Neighborhood Rattled By Explosion
By Lori Monsewicz, Repository, April 29, 2000
The glow of a late-night TV screen faded fast just after midnight Wednesday when a loud blast and an orange glow momentarily filled the Fourth Street end of De Mario Court NW. "I thought it was a bomb," said Chester H. Welsch, who had been watching television with his sister, brother and a nephew at 2538 Fourth St. NW when the single boom occurred at 1:05 a.m. "A big orange flash come down there and knocked all the windows out." On Friday afternoon, neighbors still didn't know the source of the noise, and neither did police, who took reports from 2538 and 2542 Fourth St. NW. Residents there said electric company employees called by police came out and checked a nearby transformer located on a utility pole at the intersection, but detected no trouble. The homes sustained no outages. Tom Lukowski, Canton district manager for the American Electric Power Co., said Friday that he could find no reports of any problems in the 2500 block of Fourth Street NW from Tuesday through Thursday. "I don't know who's reporting what, but we can't confirm anything at this point," he said.
Still neighbors are at a loss trying to figure out what caused the blast that shook their homes and damaged belongings inside.

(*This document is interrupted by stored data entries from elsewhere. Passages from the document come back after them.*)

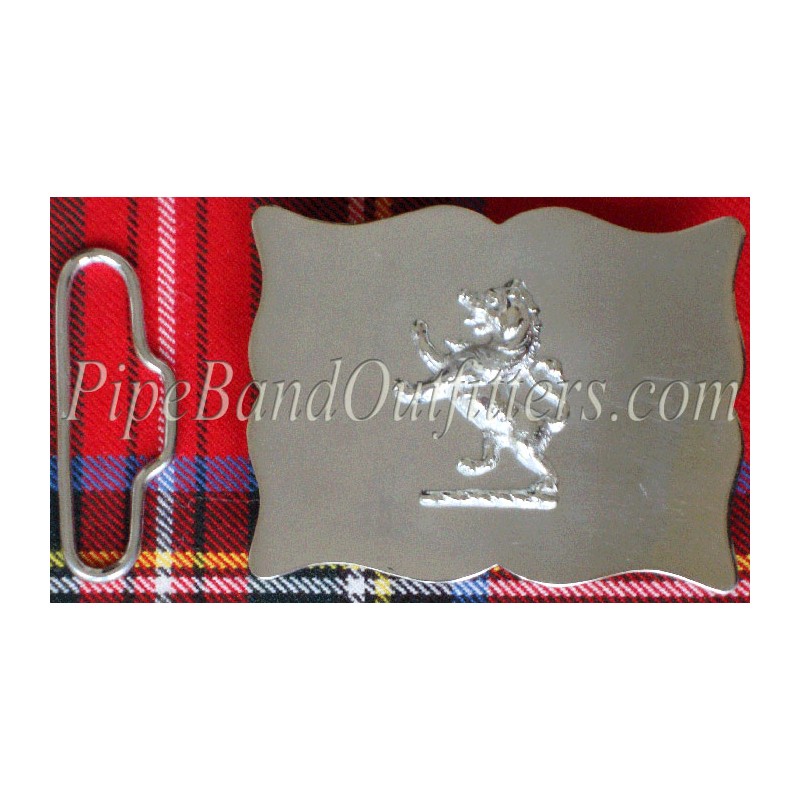Elegantly shaped chrome finish buckle for a kilt belt, with lion rampant design...
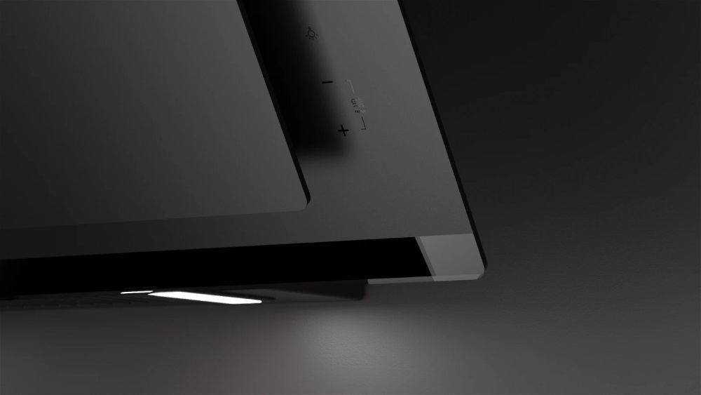 Воздух всасывается по периметру вытяжки через узкие щели. Он собирается в потоки, которые направляются прямо к фильтрам внутри, не рассеивается на кухне. Благодаря этой технологией вытяжку можно сделать компактнее и энергоэффективнее.
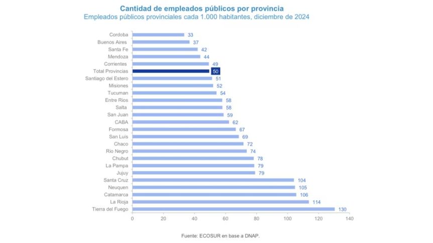 “Estas diferencias responden tanto a factores estructurales (como la densidad poblacional o la estructura productiva), como a las decisiones adoptadas por los gobiernos provinciales a lo largo del tiempo. Provincias menos pobladas, como las patagónicas, La Rioja o Catamarca, registran una elevada cantidad de empleados públicos por habitante, pero también se destacan otras del norte y noreste argentino que, pese a tener mayor densidad poblacional, mantienen una fuerte presencia del Estado como empleador”, describió el informe.

Two windows in each house on either side of De Mario at Fourth Street were shattered. Wall hangings on 2538 fell to the floor and broke. Chrissy Bailey, who lives across De Mario at 2542 Fourth St., said everything fell off her fireplace. "It was loud; it was really loud. I'm not sure how to explain (what the sound was like)," she said, adding that she, too, had been watching television when she heard it. "The whole house shook." Bailey said that everyone on the block ran up to her house to see what happened. "It lit up the whole alley like it was daytime for a second," said her brother-in-law, Chris Rogers. Rogers, Bailey and Welsch said the neighborhood is normally quiet. The playground and parking lot for Clarendon Elementary School lies across the street. Although the next-door neighbors said they could not guess what could have caused the sound, which produced no visible damaged in the littered De Mario Court, Bailey ruled out a backfire by a passing car. "There weren't any cars around," she said, "but there are a lot of teen-agers in this neighborhood, so I don't know." Then, she shook her head and discounted the theory. "That was too loud. It had to be something else."